What needs to be done: Give an exact copy of the data that follows, but none of its pictures.

------------------------------------------------

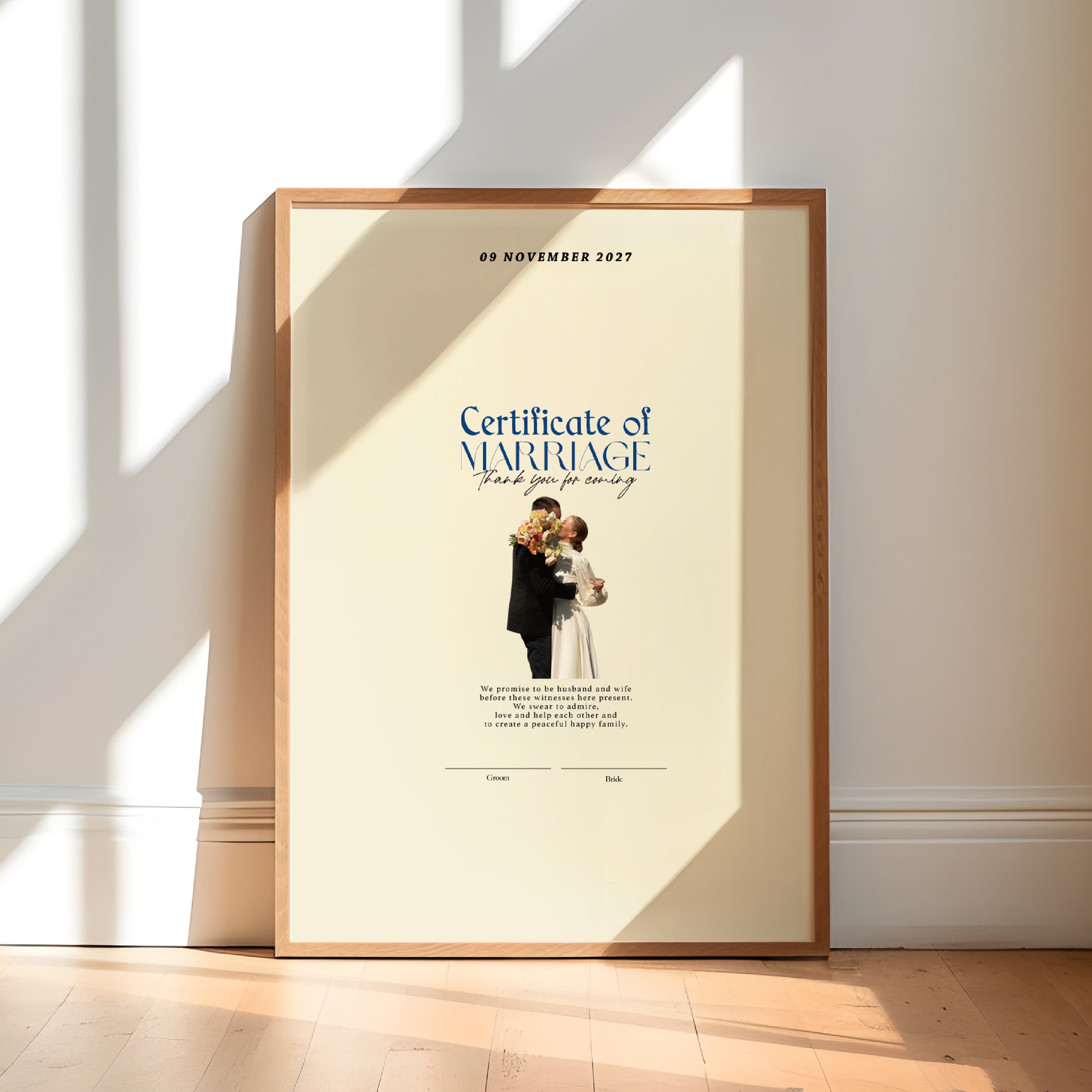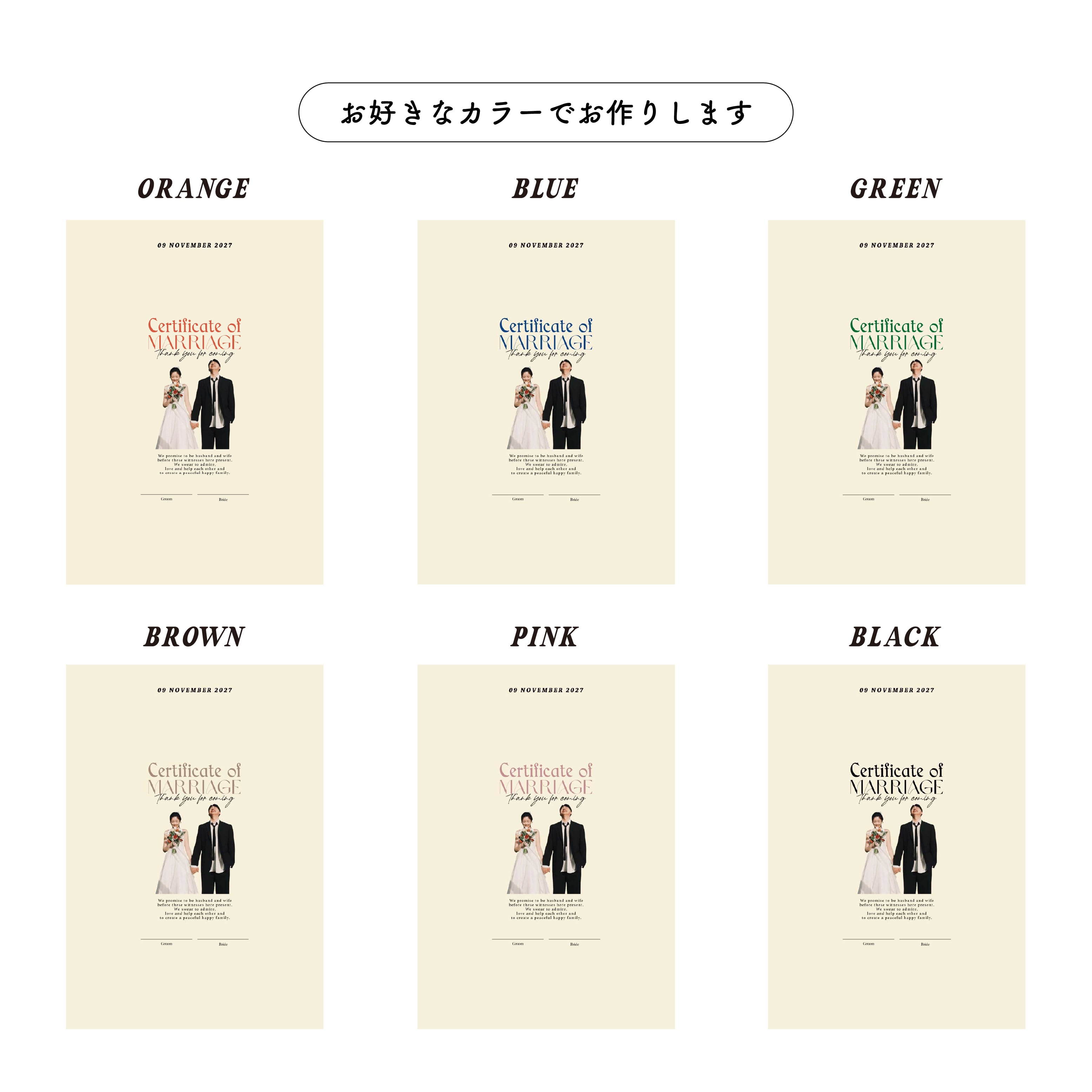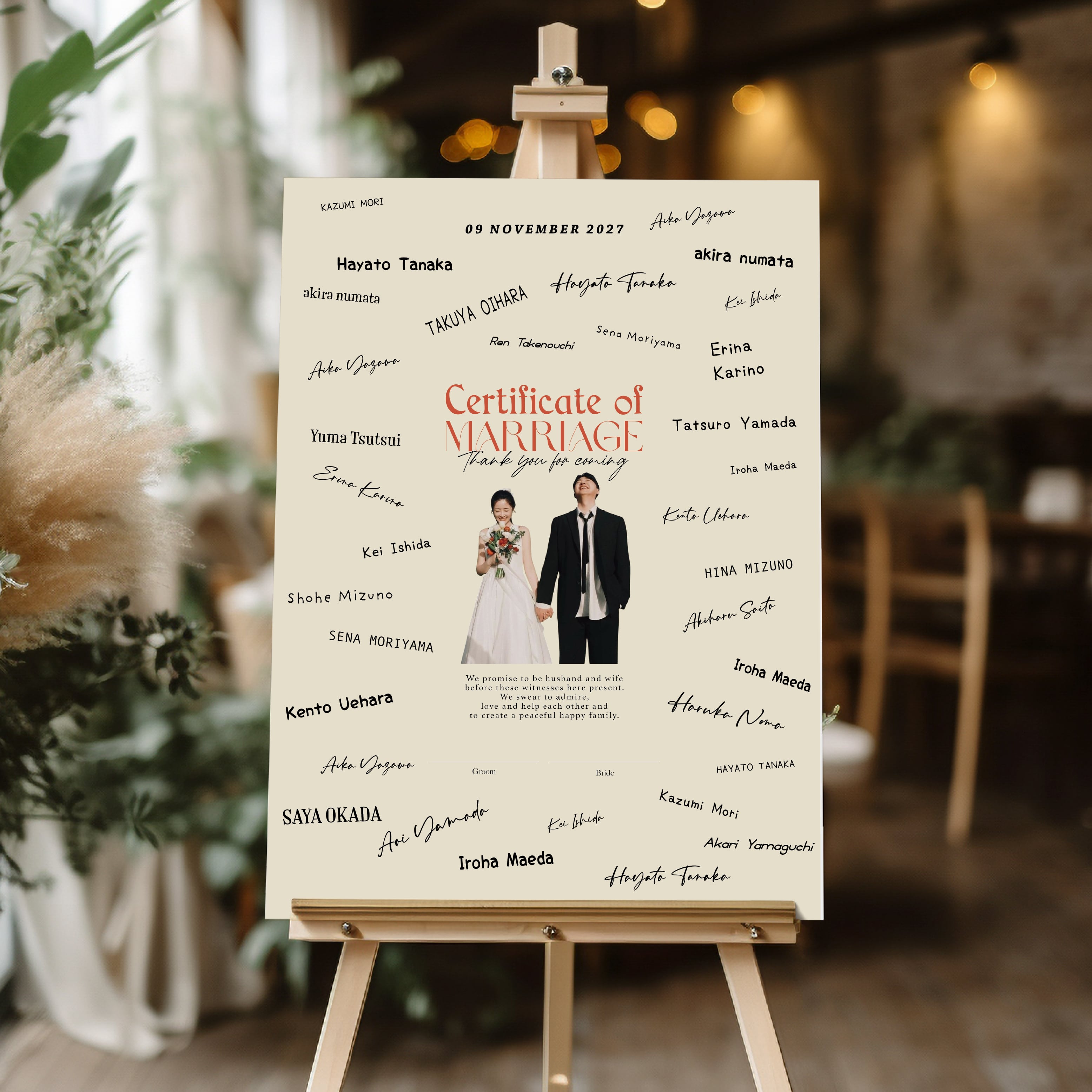 ゲストからのサインやメッセージで完成する、世界にひとつだけの結婚証明書。
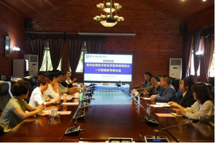 4月28日,贵州应用技术职业学院院长郑晓明一行6人到我院参观交流,我院党委书记黄亚励,党委委员、副院长徐晓筑,党委委员、副院长潘忠伦以及相关部门负责人陪同。
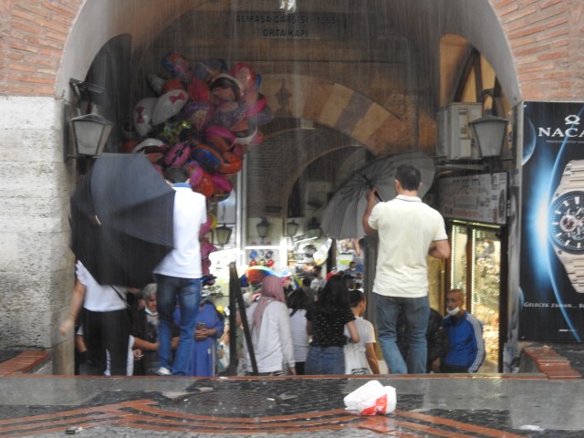 Akşam saatlerinde fırtınanın ardından başlayan sağanak yağış 15 dakika sürdü. Yağmura hazırlıksız yakalanan vatandaşlar zor anlar yaşadı. Birçok vatandaş işyerlerinin içine girerek yağmurdan korunmaya çalıştı. Yağmura hazırlıksız yakalanan vatandaşlar tarihi çarşılara sığınırken, kimisi çareyi şal, kimisi ise şemsiye satın almakta buldu.
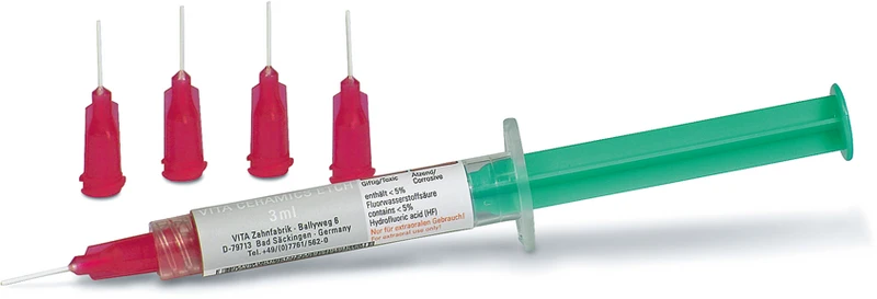 VITA CERAMICS ETCH er en fluorsyregel 5 % for etsning av restaureringer av feltspat-, hybrid- og glasskeramikk. Den resulterende retentive etsestrukturen gir en mikromekanisk forankring mellom keramikk og sementkompositt. Kun beregnet for ekstraoral bruk.
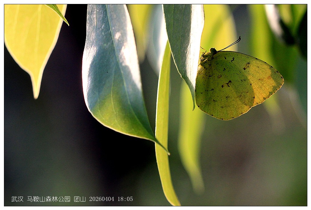 日落前,发现一只黄粉蝶准备在一株不太高的香樟树叶子背后睡觉。这个时间段的蝴蝶,几乎不会再飞动,可以长时间随便拍。
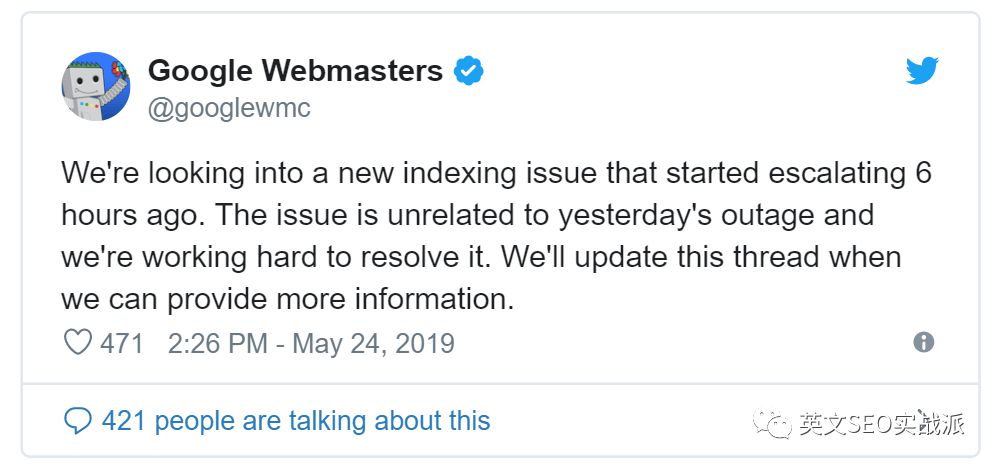 2. 谷歌于24号确认一个新的indexing bug, 具体情况尚未对外披露
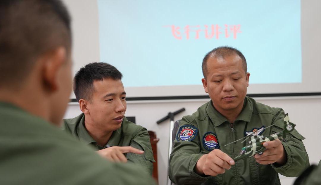 圖為張闖(右一)與戰(zhàn)友進(jìn)行飛行講評。
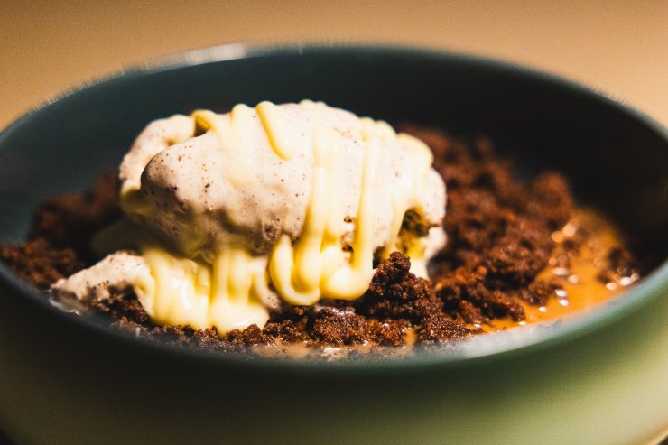 Insieme a questo, le texture al cioccolato di Oaxaca hanno portato una croccantezza ricca e biscottata che abbiamo immerso nel gelato alla cannella.

------------------------------------------------

Finished task:
 ゲストからのサインやメッセージで完成する、世界にひとつだけの結婚証明書。
 4月28日,贵州应用技术职业学院院长郑晓明一行6人到我院参观交流,我院党委书记黄亚励,党委委员、副院长徐晓筑,党委委员、副院长潘忠伦以及相关部门负责人陪同。
 Akşam saatlerinde fırtınanın ardından başlayan sağanak yağış 15 dakika sürdü. Yağmura hazırlıksız yakalanan vatandaşlar zor anlar yaşadı. Birçok vatandaş işyerlerinin içine girerek yağmurdan korunmaya çalıştı. Yağmura hazırlıksız yakalanan vatandaşlar tarihi çarşılara sığınırken, kimisi çareyi şal, kimisi ise şemsiye satın almakta buldu.
 VITA CERAMICS ETCH er en fluorsyregel 5 % for etsning av restaureringer av feltspat-, hybrid- og glasskeramikk. Den resulterende retentive etsestrukturen gir en mikromekanisk forankring mellom keramikk og sementkompositt. Kun beregnet for ekstraoral bruk.
 日落前,发现一只黄粉蝶准备在一株不太高的香樟树叶子背后睡觉。这个时间段的蝴蝶,几乎不会再飞动,可以长时间随便拍。
 2. 谷歌于24号确认一个新的indexing bug, 具体情况尚未对外披露
 圖為張闖(右一)與戰(zhàn)友進(jìn)行飛行講評。
 Insieme a questo, le texture al cioccolato di Oaxaca hanno portato una croccantezza ricca e biscottata che abbiamo immerso nel gelato alla cannella.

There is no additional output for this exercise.